The first time I started using those tools were when I was trying to figure out what an application is actually doing, it may also happened to you or perhaps few of the following scenarios:

  • You received a code that someone else wrote(probably a few years back) and now you have to maintain it and sense you didn't write it, you can't really tell what the application is actually doing by just looking at the code(because the code is written in a very complex way and the person that written this code is no longer available for questions)
  • You accessed a machine that hasn't been touched for years, and you have to troubleshot a running process to understand why this application is so slow, that process was deployed onto this machine by someone, somehow, and you don't have access to that code
  • You are using a framework, that does a bunch of things under the hood, but you can't really figure out why is it so slow

If you came across one of the following above mentioned scenarios, then strace and ptrace are probably your best bet. Before I dive deeper on how to use these tools I think first it's important to understand what each tool basically does. Both tools are prefixed with a letter, this letter has a meaning.

  • strace - the first letter stands for System-Calls, meaning this tool is for tracing what calls a particular process is sending to the linux kernel.
  • ptrace - the first letter stands for Process-Calls, meaning this tool is for tracing what calls a particular process is sending to a linux kernel. But in addition it allows a tracer(=the process which running ptrace) to mutate the traceree(=the process which is being examined).
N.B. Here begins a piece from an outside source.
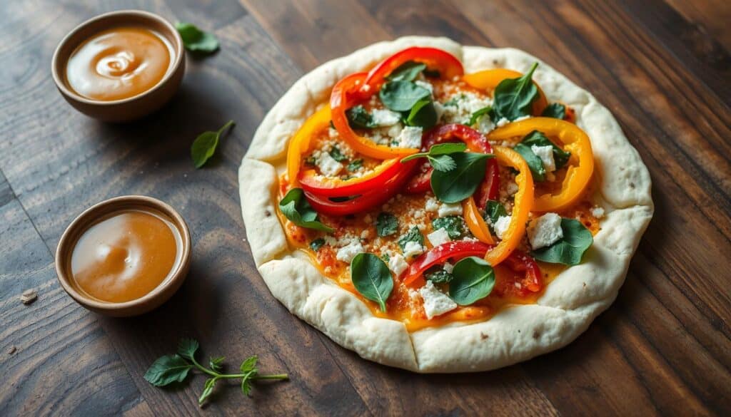 For high-protein toppings, use turkey pepperoni, chicken sausage, or bacon. Grilled chicken or steak adds a hearty touch.
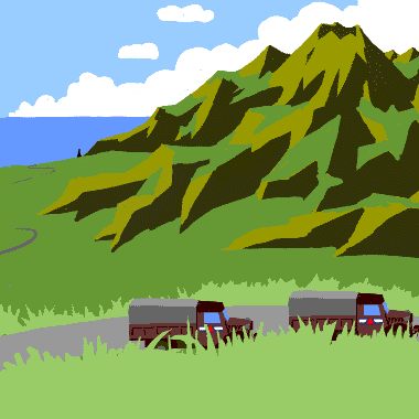 「では 引き上げよう。 みんな 支度して車に乗り給へ。」 みんなは大急ぎで二十台の自動車に乗りました。車は列になつて山の裾を一散にサンムトリの市に走りました。丁度山と市とのまん中ごろで技師は自動車をとめさせました。

The great thing about using strace and ptrace, is that they are language agnostic(meaning you can strace and ptrace a program written in almost any language javascript, php, rust, go etc, as long as it's a unix program and it's running, we can simply attach to it and trace it to get the low level kernel operations). Although there are some high level diagnostic tools for each specific language, that makes it a bit more structural and easier to understand for that particular language, I still think it's a good practice to get a rough overview about what the program is doing first, before diving into implementation details, and I think strace does a great job at providing that information.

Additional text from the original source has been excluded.